List.to_string sometimes returning <<60, 33, 68...>> type results

sergio · December 30, 2018, 5:26pm

12:20:46.435 [info]  Web request: https://1337x.to/torrent/3490955/-Irozuku-Sekai-no-Ashita-kara/
<<60, 33, 68, 79, 67, 84, 89, 80, 69, 32, 104, 116, 109, 108, 62, 10, 60, 104,
  116, 109, 108, 62, 10, 60, 104, 101, 97, 100, 62, 10, 60, 109, 101, 116, 97,
  32, 99, 104, 97, 114, 115, 101, 116, 61, 34, 117, 116, 102, 45, 56, ...>>

12:20:46.609 [info]  Web request: https://1337x.to/torrent/3490541/DB-Seishun-Buta-Yarou-wa-Bunny-Girl-Senpai-no-Yume-wo-Minai-Rascal-Does-Not-Dream-of-Bunny-Girl-Senpai-10bit-1080p-HEVC-x265/
"<!DOCTYPE html>\n<html>\n<head>\n<meta charset=\"utf-8\">\n<meta http-equiv=\"X-UA-Compatible\" content=\"IE=edge\">\n<title>Download  [DB] Seishun Buta Yarou wa Bunny Girl Senpai no Yume wo Minai | Rascal Does Not Dream of Bunny Girl S...

I’m using httpc to make a GET request to this URL and converting the result to a string.

{:ok, {{_http, 200, 'OK'}, _headers, body}} = :httpc.request(:get, {url, headers}, [], [])

{:ok, List.to_string(body)}

The charlist of body, the raw body httpc returns before I try to List.to_string it is:

[60, 33, 68, 79, 67, 84, 89, 80, 69, 32, 104, 116, 109, 108, 62, 10, 60, 104,
 116, 109, 108, 62, 10, 60, 104, 101, 97, 100, 62, 10, 60, 109, 101, 116, 97,
 32, 99, 104, 97, 114, 115, 101, 116, 61, 34, 117, 116, 102, 45, 56, ...]

Other URLs body convert normally to the expected HTML payload.
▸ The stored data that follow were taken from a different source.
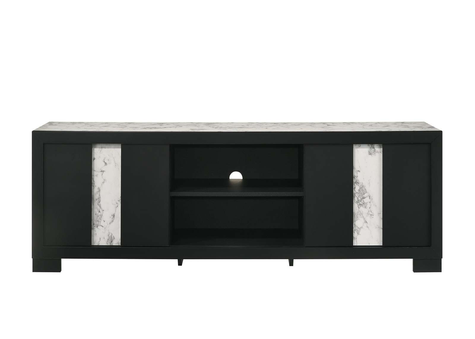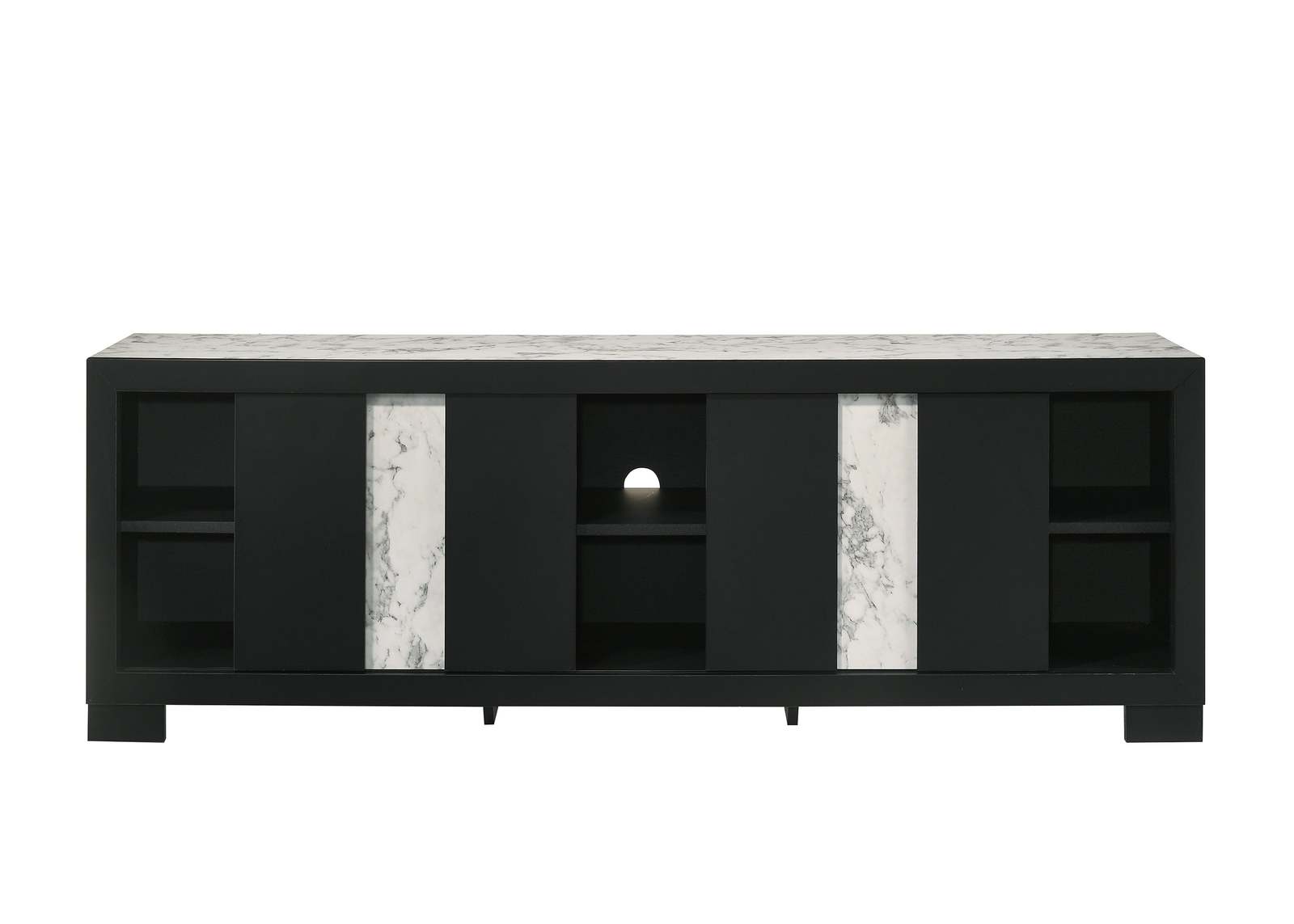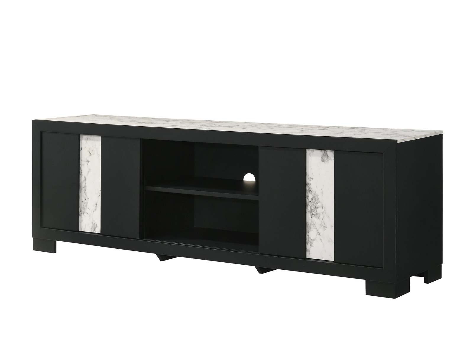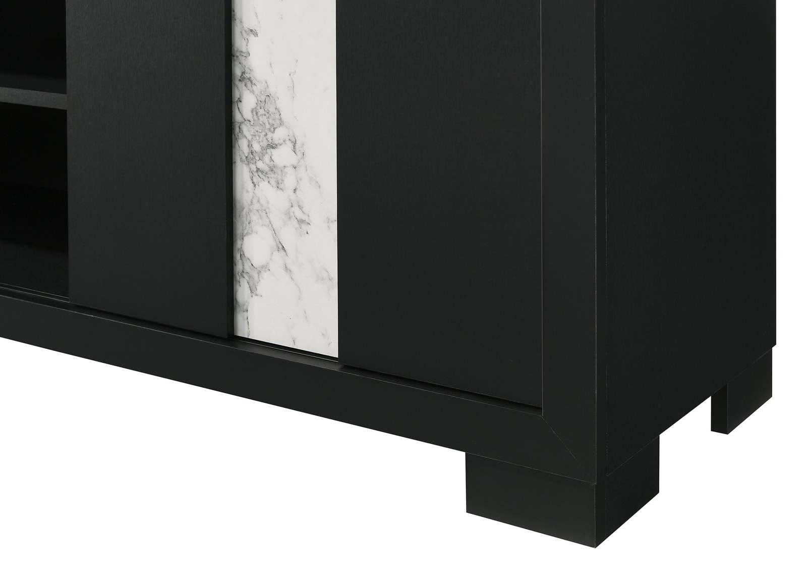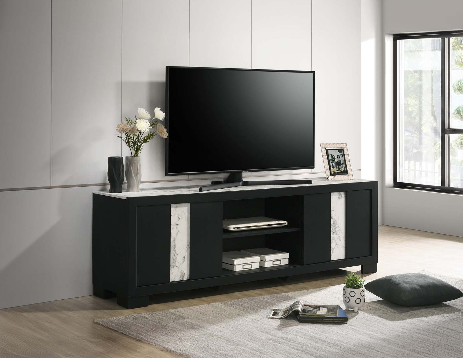 This sleek and modern entertainment unit is the epitome of contemporary elegance and functional design. Boasting a bold black finish with striking marble-like accents, this piece serves as a captivating centerpiece for any living space. Its generous surface perfectly accommodates large screen displays, while the ample storage space including open shelving and discreet cabinets with sliding doors provides a neat solution for all your multimedia devices.
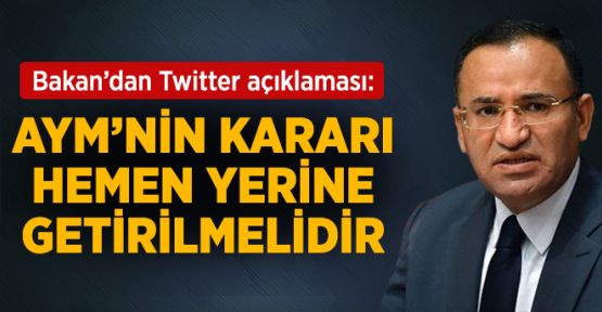 Adalet Bakanı Bozdağ, Anayasa Mahkemesi'nin Twitter'la ilgili verdiği karar için, "Mahkemenin kararı en kısa zamanda yerine getirilmelidir." dedi.
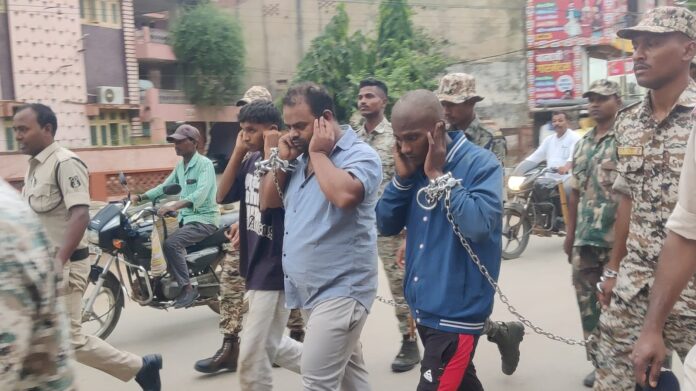 जगदलपुर। अपराधियों में कानून का भय पैदा करने आज कोतवाली पुलिस ने नगर में अलग अलग अपराधों को अंजाम देने वाले 3 आरोपियों की कोतवाली थाने से नगर में परेड निकाली ।इस दौरान अपराधियों ने अपने कान पकड़े हुए थे और पुलिस हमारा बाप अब से अपराध नहीं करेंगे का नारा लगा रहे थे।

It’s only this one that converts to this type of result.

Using a DIFF tool the only meaningful difference I see between broken vs. working is the broken has japanese letters present. (Left: Broken - Right: Working)

What is this kind of result?
Can I detect if this type of result is returned and skip it?
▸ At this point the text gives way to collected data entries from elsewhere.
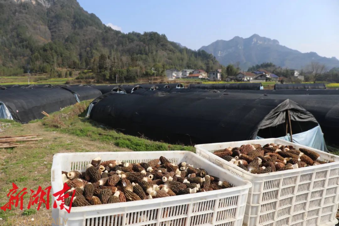 湖南日报·新湖南客户端3月19日讯(通讯员 周汀) 阳春三月,万物复苏。3月17日,在永定区天门山镇小坪村的羊肚菌种植基地里,一朵朵羊肚菌破土而出,撑起棕褐色的“小伞”,在春日暖阳下格外喜人。村民们穿梭在菌棚间,忙着采摘、搬运、分拣,现场一派繁忙景象。近年来,小坪村大力发展羊肚菌产业,小小的羊肚菌不仅为当地经济发展注入强大活力,也为乡村振兴开辟出新路径。
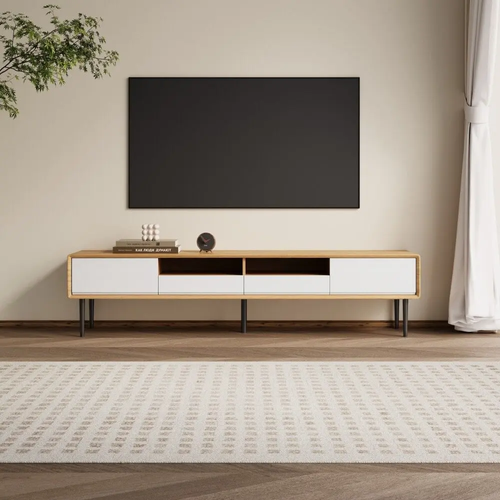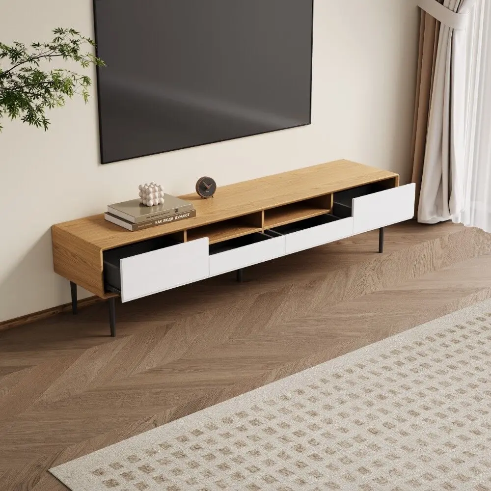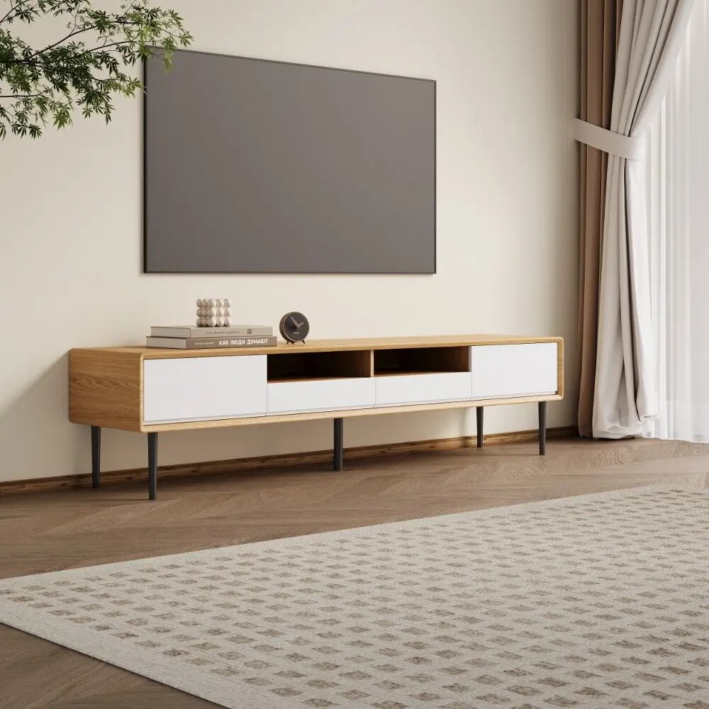 مصنوعة من قشرة خشب بلون خشب طبيعي + طلاء أبيض + أرجل فولاذ كربوني سوداء، مع هيكل خشبي صلب يضمن المتانة والثبات.اللون:
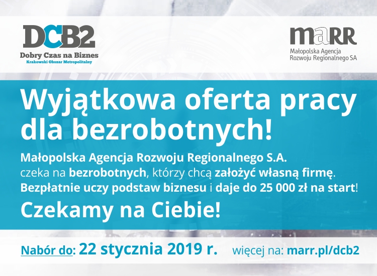 Małopolska Agencja Rozwoju Regionalnego S.A. ogłasza IV nabór do projektu „Dobry Czas na Biznes –KOM2” w ramach 8 Osi Priorytetowej Rynek Pracy, Działanie 8.3 Wsparcie na zakładanie działalności gospodarczej, w Podziałaniu 8.3.1 Wsparcie na zakładanie działalności gospodarczej w formie dotacji, typ operacji A kompleksowe wsparcie dla zakładania działalności gospodarczej w formie dotacji.
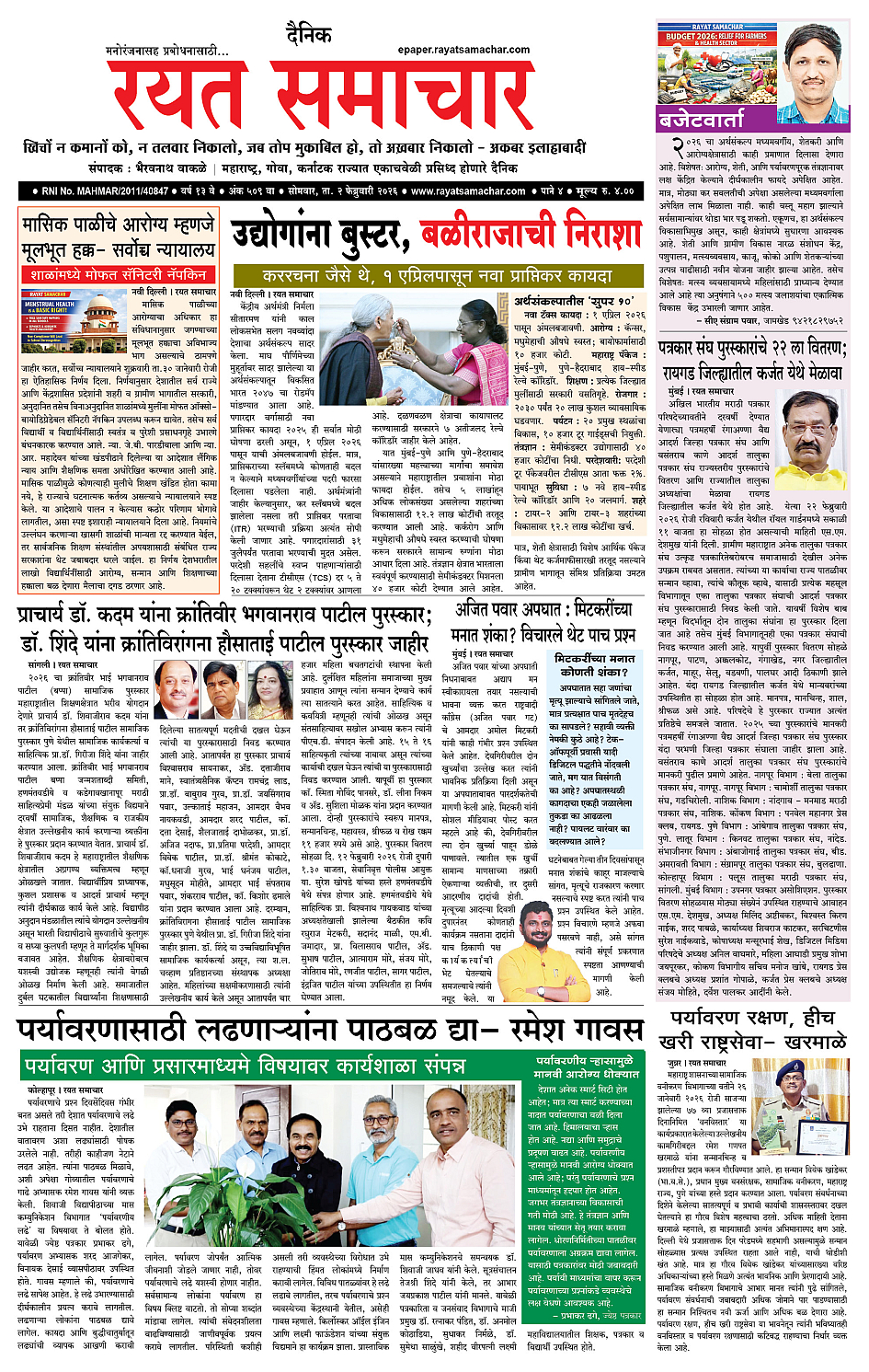 RSE: आजचा रयत समाचार वाचा 02 Feb 2026 मनोरंजनासह प्रबोधनासाठी... February 02, 2026 << First << 1 2 3 4 >> Last >> Page 1Page 2Page 3Page 4 × RSE: आजचा रयत समाचार वाचा 02 Feb 2026 मनोरंजनासह प्रबोधनासाठी... 1_MAIN PAGE2_CITY PAGE3_DISTRICT_PAGE4_MAHARSHTRA_PAGE << First << 1 >> Last >> 1_MAIN PAGE2_CITY PAGE3_DISTRICT_PAGE4_MAHARSHTRA_PAGE

NobbZ · December 30, 2018, 5:34pm

The reply probably contains unprintable characters or does contains byte sequences that are not valid UTF-8.

As the server does not set a content-type with encoding parameter or otherwise specifies the encoding, the result has to be treated “ISO-8859-1”. Yoiu need to re-encode the resuilt.

sergio · December 30, 2018, 5:38pm

This works:

body |> IO.iodata_to_binary() |> IO.inspect()

But I have no idea why. Is this an expensive process? I may have to do this for every charlist returned by httpc.

NobbZ · December 30, 2018, 5:58pm

Now I get it.

The returned list contains the bytes [232, 137, 178], List.to_string does treat them as separate codepoints and converts it to <<195, 168, 194, 137, 194, 178>>, so three separate Codepoints: ["è", <<194, 137>>, "²"], the middle one is in fact a non-printable special version of tab.

List.to_string is not working as expected.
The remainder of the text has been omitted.